L’EUROPE S’INVESTIT DANS L’EXPLORATION DU SYSTÈME SOLAIRE ET DANS L’ASRTROBIOLOGIE

Nous avons déjà eu l’occasion de rendre compte de cet événement tout à fait significatif et déterminant que constitue l’élaboration, par l’Agence Spatiale Européenne, du programme AURORA. Celui-ci ne vise rien moins qu’à poser les fondations d’une participation majeure de l’Europe à l’exploration robotique et humaine du Système Solaire, tout particulièrement dans le but d’étudier l’exobiologie. Même si les responsables de l’Agence reconnaissent eux-mêmes les difficultés que risque de rencontrer cette initiative, extraordinairement lucide et courageuse, face à des ministres empêtrés dans leurs problèmes budgétaires à court terme, force est de constater que nous assistons à une révolution des esprits. Quelle évolution, en effet, par rapport à l’époque encore récente où il était, du moins dans notre pays, politiquement incorrect de parler d’un avenir de l’Homme dans l’espace, et où, y compris à l’ESA, le débarquement sur Mars était reporté, pour de vertueuses raisons, à un avenir indéfini (au-delà de 2050) !

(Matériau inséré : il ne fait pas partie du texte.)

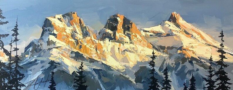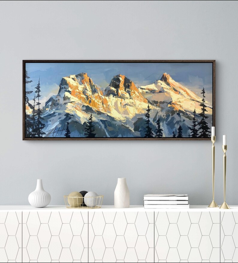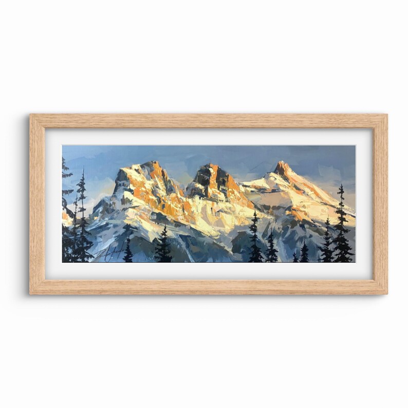 SISTERS OF THE DAWN Print, Mountain Canvas, Landscape Artwork, Three Sisters Print, Mountains Canvas Art, Alberta Art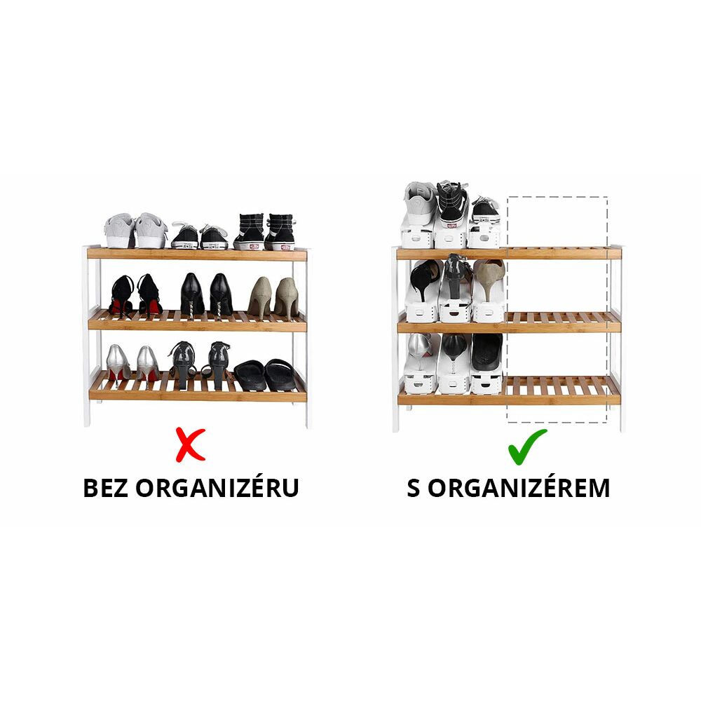 Při snaze dát všechny boty do šatníku někdy nastane problém - nedostatek místa. Díky organizérům na boty se toho nemusíte bát. Spousta bot, spousta velikostí. Díky možnosti umístění bot na horní i spodní platformu ušetříte až 50 % místa ve vašem šatníku.
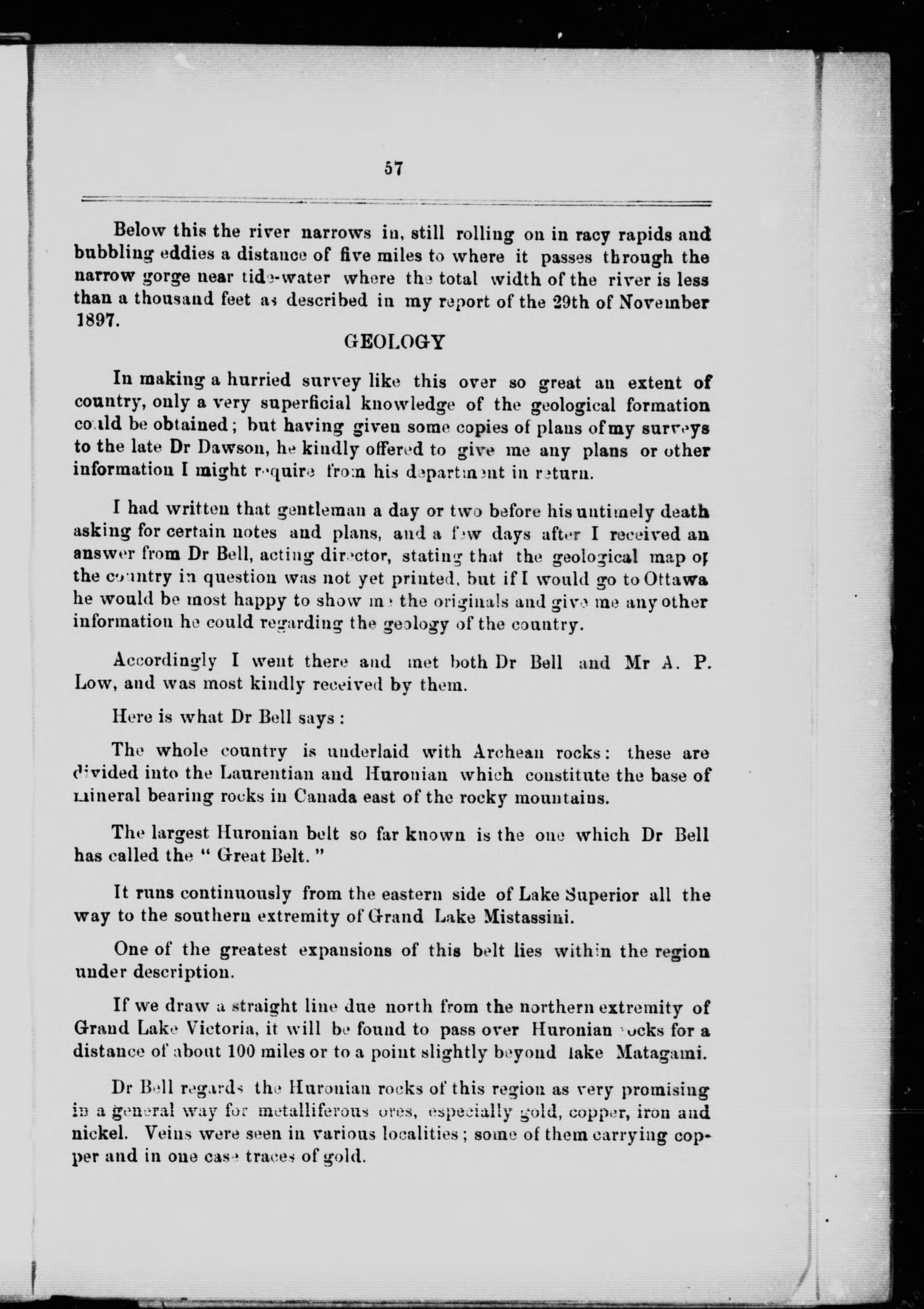 Second report of progress of exploration in the country between Lake St. John and James Bay : including the region of Lake Mistassini and the basins of the great Nottaway and Rupert rivers : together with a key plan to accompany remarks on the different proposed railways between Quebec and James Bay : made under instructions from the Department of Colonization and Mines, Quebec - Adresse bibliographique
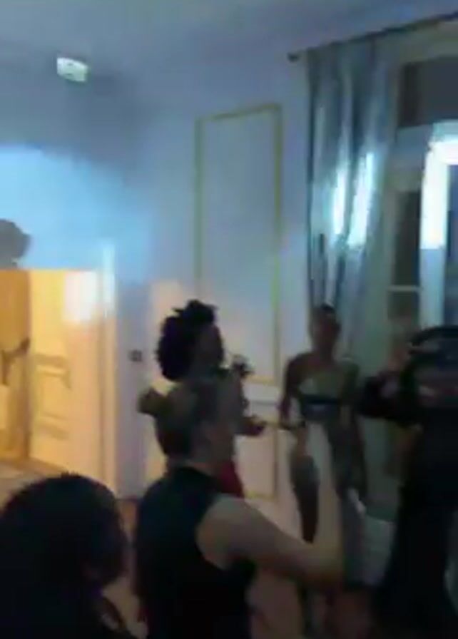 group of people dancing at a party. The lighting changes from pink to purple. A large chandelier hangs from the ceiling. The walls are white with gold trim. The dancers are dressed in dark clothing. Some are holding phones and recording. There are men and women present.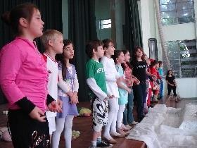 No final da apresentação, os alunos falaram que todas as crianças têm direito a um nome e nesse momento cada um falou o seu próprio nome. Ainda relataram que cada criança tem direito a um abraço e a Hora Cívica acabou com todos se abraçando.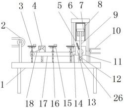 1.一种纸张装订机,包括操作台(1),其特征在于:所述操作台(1)的上表面固定连接有传送带(2)、支撑板(4)、装订架(6)、传送带一(10)、支撑杆(16)与支撑杆二(26),所述从起始段到末端依次排列有传送带(2)、支撑板(4)、装订架(6)与传送带一(10),所述支撑杆二(26)位于装订架(6)内侧,所述支撑杆(16)位于传送带(2)与装订架(6)之间,所述装订架(6)的下表面固定安装有滑槽(8),且滑槽(8)的内部滑动连接有装订机(7),所述装订机(7)的下表面活动连接有连接杆(9),且连接杆(9)的一端固定连接有套环(12),所述支撑杆二(26)的上端固定连接有装订台(11),且装订台(11)的后端设有曲面滑槽(21),所述装订台(11)内部转动连接有曲轴(13),且曲轴(13)的侧表面固定连接有拨动杆(5),所述套环(12)套接于曲轴(13),所述装订台(11)的后端表面设有连接片(14),且连接片(14)的一端转动连接有连接板(17),所述支撑板(4)上端设有主连接片(18),且主连接片(18)的一端与连接板(17)的一端转动连接,所述连接板(17)的上表面固定连接有传送装置(15)。
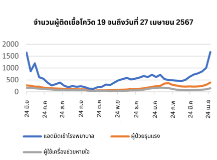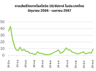 ตั้งแต่เดือนมีนาคม 2567 ข้อมูลจากกระทรวงสาธารณสุขที่รายงานเป็นรายสัปดาห์บ่งชี้ว่า จำนวนผู้ป่วยที่เข้ารับการรักษาในโรงพยาบาลเนื่องจากโรคติดเชื้อไวรัสโคโรนา 2019 (โควิด 19) มีแนวโน้มเพิ่มขึ้น ข้อมูลล่าสุดแสดงให้เห็นถึงผู้ป่วยใหม่ 1,672 รายมีผู้เสียชีวิต 9 รายในสัปดาห์ที่ผ่านมา ผู้ป่วยที่อาการหนัก 390 ราย และมีจำนวน 148 รายที่ต้องใช้เครื่องช่วยหายใจ ณ วันที่ 27 เมษายน ยังไม่มีหลักฐานที่ชี้ว่าสายพันธุ์โควิด 19 ปัจจุบันทำให้เกิดอาการป่วยรุนแรงขึ้น แต่การเพิ่มขึ้นของจำนวนผู้ป่วยในประเทศไทยน่าจะเป็นผลมาจากการแพร่กระจายของเชื้อไวรัสในปัจจุบันที่มีการแพร่เชื้อสูงขึ้นและการยึดมั่นในมาตรการป้องกันส่วนบุคคลที่ลดลง รวมถึงในช่วงเทศกาลสงกรานต์ด้วย นอกจากนี้ยังมีคนจำนวนไม่น้อยในประเทศไทยที่ยังไม่ได้รับวัคซีนหรือได้รับวัคซีนไม่ครบถ้วน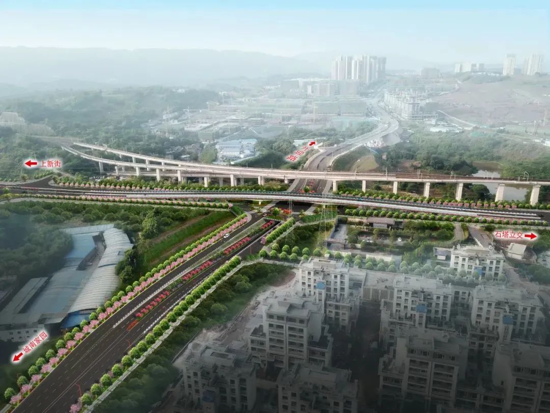 刘家坪立交位于茶园大道与通江大道相交的重要节点位置,毗邻刘家坪轨道站、长生桥轨道枢纽站、石塔立交,其建设启动以来一直备受市民关注与期待。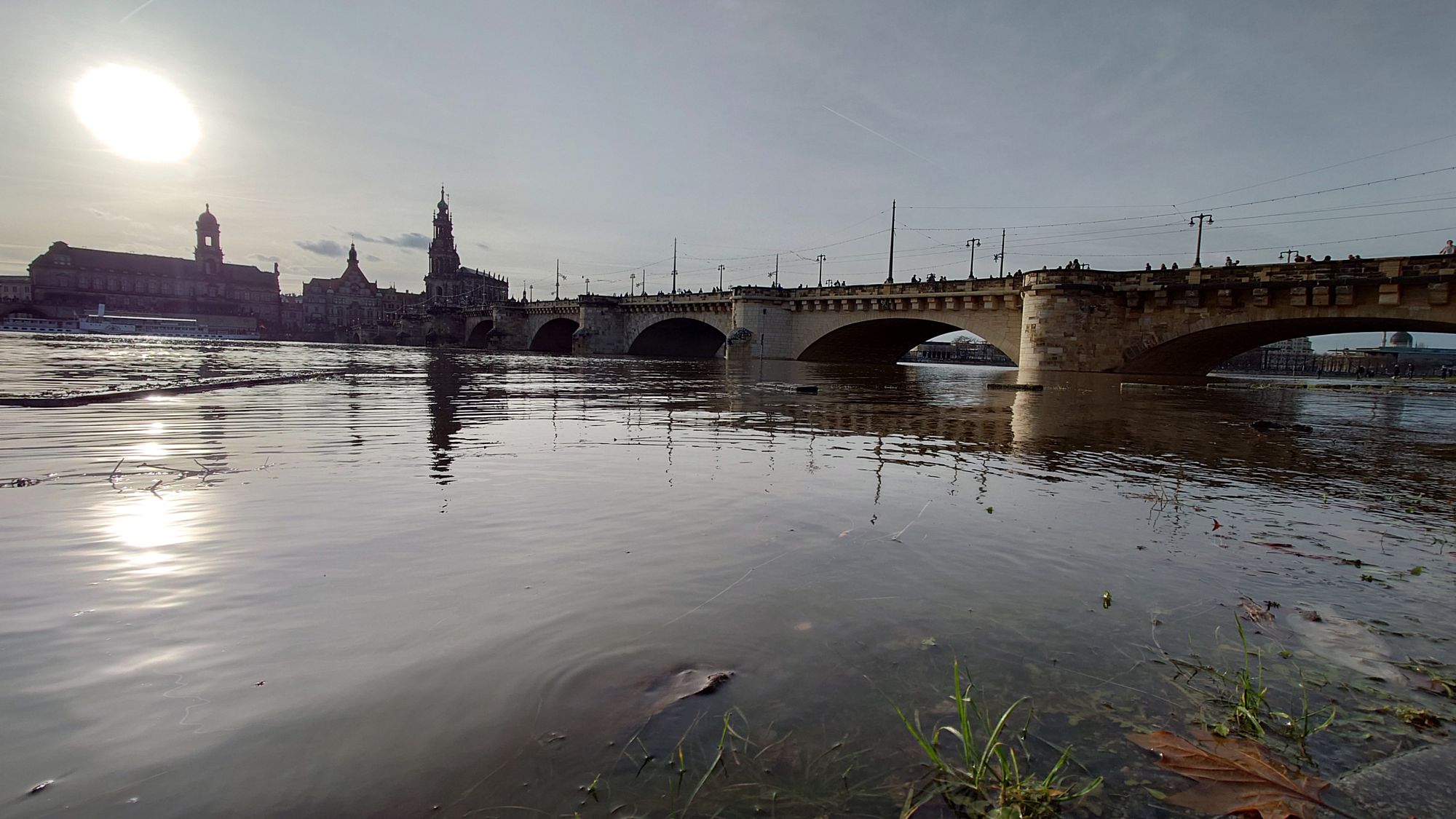 Gestern hieß es beim Landeshochwasserzentrum noch, dass die Elbe in Dresden den 6-Meter-Pegel heute Vormittag erreicht wird. Aber die Elbe lässt sich Zeit. Bis 18 Uhr ist sie erst auf 5,88 Meter geklettert. Immerhin hoch genug, um auf der Neustädter Seite große Teile des Elberadwegs und der Elbwiesen unter Wasser zu setzen.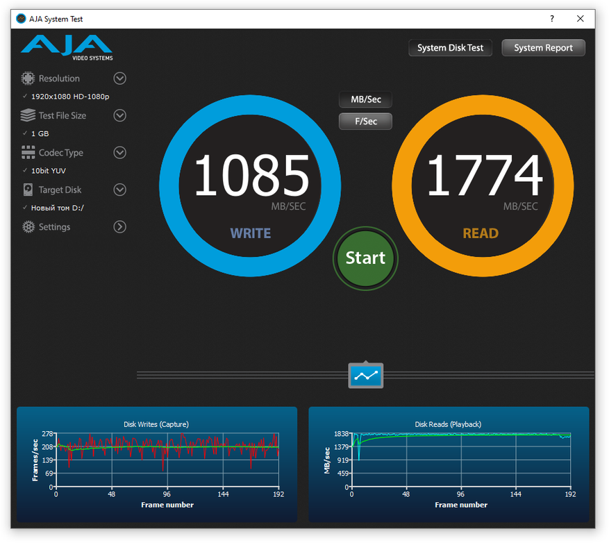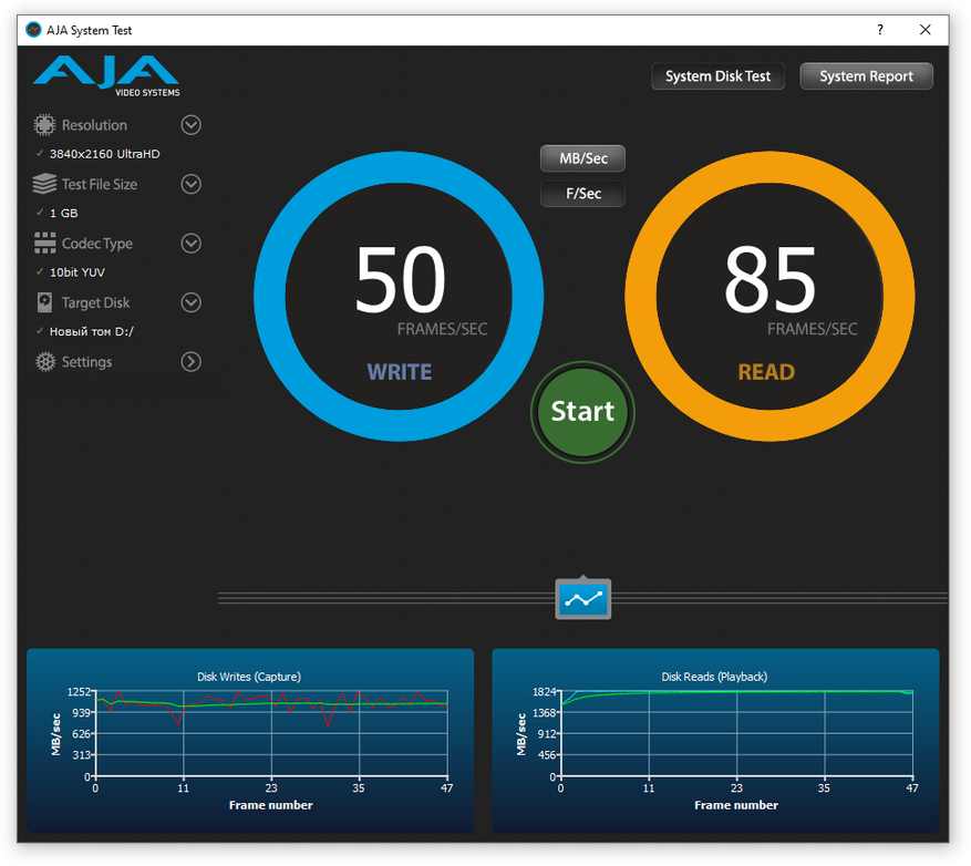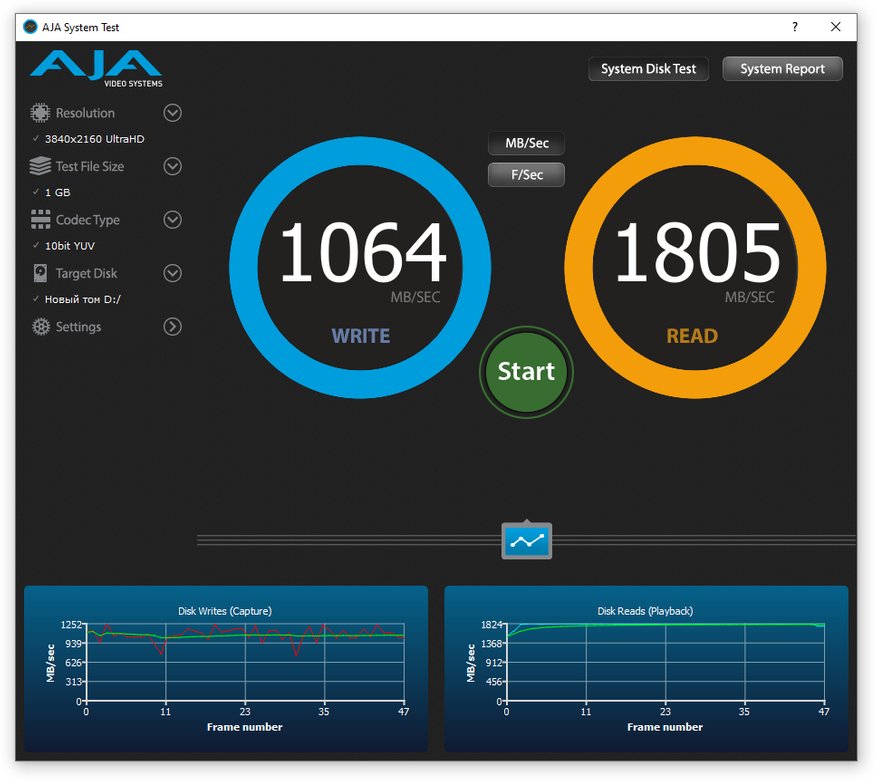 При тестировании программой AJA System Test нужно использовать размер файла 64 Gb, в вашем случае вы тестируете

Ce qui est significatif par ailleurs, c’est que les scientifiques européens concernés, entraînés par les plus progressistes d’entre eux, tels ceux de la communauté exobiologique, ont désormais compris que la recherche spatiale, loin de menacer leurs budgets, constituait au contraire, par sa dynamique et ses possibilités techniques d’investigation, un formidable outil d’entraînement pour le développement de leurs travaux. Avec des offres intéressantes, ce sont des millions qu’un labo peut voir arriver sous forme de contrats de développement d’expériences. Les scientifiques européens, soutenus par les agences spatiales, se révèlent ainsi de plus en plus, par leur présence active et leurs résultats, comme des acteurs à part entière sur la scène internationale. Il faut s’en féliciter pour notre avenir, et leur apporter tout notre soutien.

Dans ce registre, les exo/astrobiologistes européens se sont constitués (en avril 1999) en un réseau de 120 membres, présidé depuis peu par le professeur André Brack, qui nous fait l’honneur et le plaisir de venir parler à notre congrès de fin septembre, au Palais de la Découverte (voir les informations sur le site). Ce réseau s’est réuni en mai 2001 à Frascati. Lors de ce meeting, l’ESA a exposé son initiative AURORA, à laquelle le réseau a apporté le support de ses conseils. Il est évident qu’AURORA ne pourra triompher des obstacles budgétaires et du conservatisme qu’avec le soutien de toutes les parties prenantes : agences spatiales nationales, Communauté Européenne, milieux scientifiques de tous les pays membres et… dans la modeste mesure de leurs moyens, associations qui , comme la nôtre, militent pour une politique déterminée et consistante dans ce domaine. Le fait qu’en France le CNRS et le CNES aient déjà fédéré, dès 1999, une cinquantaine de labos d’exobiologie et que d’autres pays européens (Espagne, Italie) aient démontré leur intérêt pour cette science est encourageant.


une formidable puissance économique, technologique et scientifique…
(doc. ESA)

Il s’agit désormais de propulser définitivement l’Europe dans l’arène de l’exploration du Système Solaire, en saisissant l’opportunité d’AURORA. Souhaitons à ses promoteurs et à tous ceux qui les soutiennent de triompher des faiblesses politiques, économiques et budgétaires sérieuses dont souffrent encore, il est vrai, les pays de l’Europe.